Foldamers were dissolved in DMSO (ACS-Sigma-Aldrich) and stored at −20 °C. To achieve indicated concentrations, compounds were diluted in culture medium (for cell assays) or reaction buffer (for in vitro assays). Controls with or without DMSO (maximal 0.1% for cells and 0.5% for in vitro) were carried out in each assay. The physicochemical properties and predictions of compound 33 were calculated by the web tool Swiss ADME. In vitro Ames test was performed using the QSAR ToolBox 4.1.

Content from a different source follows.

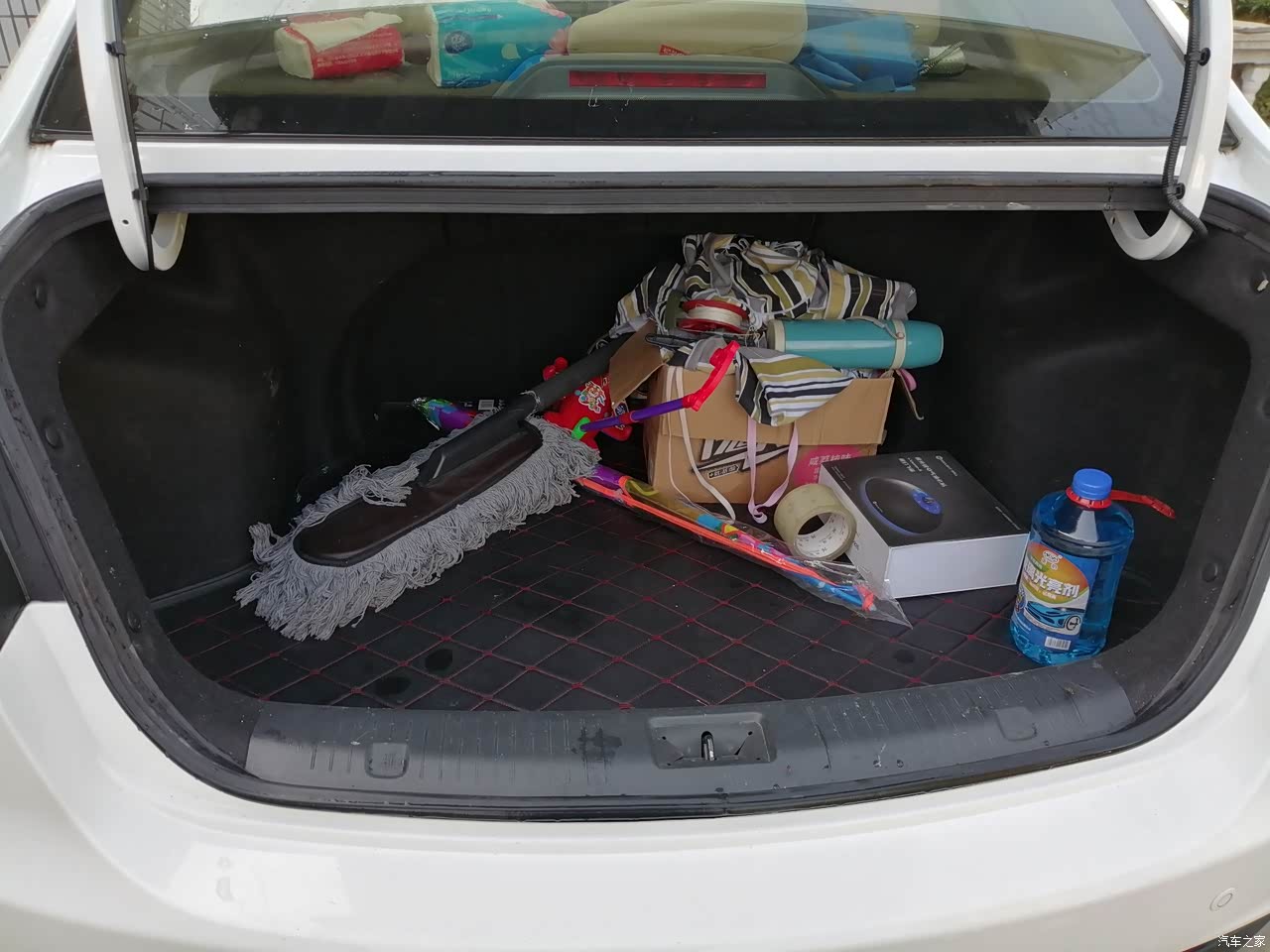 杂乱不堪的后备箱。

Cell proliferation and viability

Proliferation was determined by staining the cells with Cell Trace Violet (Invitrogen, C34557), according to the manufacturer’s procedure. HCT116 and CT-26 were plated in 24-well plates at 4 × 104 cells/well and SW480 at 6 × 104 cells/well. Cell divisions were determined during 96 h using LSRII cytometer and number of cell generations was estimated by ModFit software. To quantify the effect of HSP110 on cell proliferation rate (x), the following equation was applied:

\(x = {\sum} {A - {\sum} B }\) where A is the percentage of cells SW480shRNAHSP110 or HCT116siRNAHSP110 increased in early generations and B is the percentage of cells SW480shRNAControl or HCT116siRNAControl present in generations identified in A. Dead cells were excluded from analysis by AnnexinV-FITC labelling (BD Pharmigen, 556419) and 7-AAD (eBioscience, 00-6993-50). Cell viability quantification was performed with FlowJo software.

Real-time proliferation

Real-time proliferation was monitored using xCELLigence RTCA DP (ACEA Bioscience), which measures electrical impedance of attached cells on E-Plate view 16 PET (300600890). HCT116 and SW480 (shRNA engineered) were seeded at 2.5 × 103 cells/well and CT26 at 6 × 103 cells/well. Cells were maintained at 37 °C in 5% CO2 and impedance was measured every 10 min for the first 6 h and every 15 min during the subsequent 166 h.

Tumor growth analysis in vivo

CT26 (1 × 106) or HCT116 cells (10 × 106) were injected s.c. into the right flank of BALB/c or NOD/SCID female mice, respectively (Charles River Laboratories). Mice were intraperitoneally treated with compound 33 at 5 mg/kg or a control vehicle (BALB/c n = 10/group, NOD SCID n = 6/group) twice a week. Mice were euthanized when tumors reached 2000 mm3 and tumor IHC staining was performed.

Soft agar colony formation

Colorectal cancer SW480 cells, depleted or not for HSP110, were cultured, in the presence of absence of molecule 33 (20 μM) in a six-well dish (10,000 cells/well) in 0.45% agarose in growth media, layered on top of 0.75% agarose growth media. Colonies were counted under a light microscope 2–3 weeks post plating. For each experiment, cells were seeded in triplicate and three fields per well were quantified.